This thesis provides a new approach of designing support vector machines (SVMs) with Gaussian kernel functions for multicategory classification: for the given training samples of multicategory classification, methodologies of how support vectors can be selected among training samples and how discriminant functions can be constructed for classifying the data, are suggested. A short background about generalization bound describing the relationship between the general and empirical risks of SVMs, is also described. For the classification problem, the SVM constructs the discriminant function representing the separating hyperplane in the sense of the structural risk minimization (SRM) principle, that is, optimizing the structure of SVM in the sense of minimizing the general risk.
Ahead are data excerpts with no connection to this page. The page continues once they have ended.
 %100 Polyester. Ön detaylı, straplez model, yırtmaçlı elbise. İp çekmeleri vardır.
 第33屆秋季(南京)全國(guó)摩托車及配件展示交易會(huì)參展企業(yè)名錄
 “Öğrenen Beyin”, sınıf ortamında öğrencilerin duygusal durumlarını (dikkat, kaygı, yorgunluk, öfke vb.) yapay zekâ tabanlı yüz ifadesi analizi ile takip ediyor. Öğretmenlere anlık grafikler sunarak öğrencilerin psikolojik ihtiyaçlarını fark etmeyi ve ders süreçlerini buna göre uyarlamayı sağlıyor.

One weak point in this approach is that the SVM is intrinsically linear. For the nonlinear decision boundary, the SVM employs nonlinear kernel such as Gaussian kernel function instead of linear units. However, in this case, there is no systematic way of determining the kernel parameters using the SVM algorithm. In this sense, a new approach of determining the parameters of kernel functions in the sense of minimizing mean square error (MSE) after selecting the support vectors, is considered. The suggested algorithm is composed of two parts: 1) the first part is selecting support vectors among training samples using the optimization technique for a quadratic function defined by the summation of decision error and regularization term such as norm square of weight parameters of an estimation network, and 2) the second part is estimating the parameters of SVM with kernel functions using the minimization algorithm of mean square error. To show the effectiveness of suggested approach, the simulation for the classification of various benchmark data from UCI machine learning group is
performed.
이 논문은 SVM을 기본으로 새로운 분류방법을 연구하였습니다.
우선, 이차함수의 최적화 방법을 이용해서 학습자료에서 support vetor들을 선택하였고, 그리고나서 kernel을 이용한 SVM에서의 변수들을 평균제곱오차 알고리즘의 최소화방법을 이용해 최적화시켰습니다. 우리는 이러한 방법으로 UCI 기계학습그룹에서 얻은 다양한 benchmark 자료들을 분류하여 그 효율성을 살펴보았습니다. 이 시뮬레이션 결과는 제시된 방법이 분류 수행에 있어서 효과적임을 보여주고 있습니다. 하지만, 선택되어진 support vetor들간에 결정적인 역할을 하는 support vector를 찾는 문제와 최적의 수행을 함에 있어서의 판별함수를 만들기위해서 support vector들을 어떻게 조합해야 하는지가 우리들의 과제로 남아있습니다.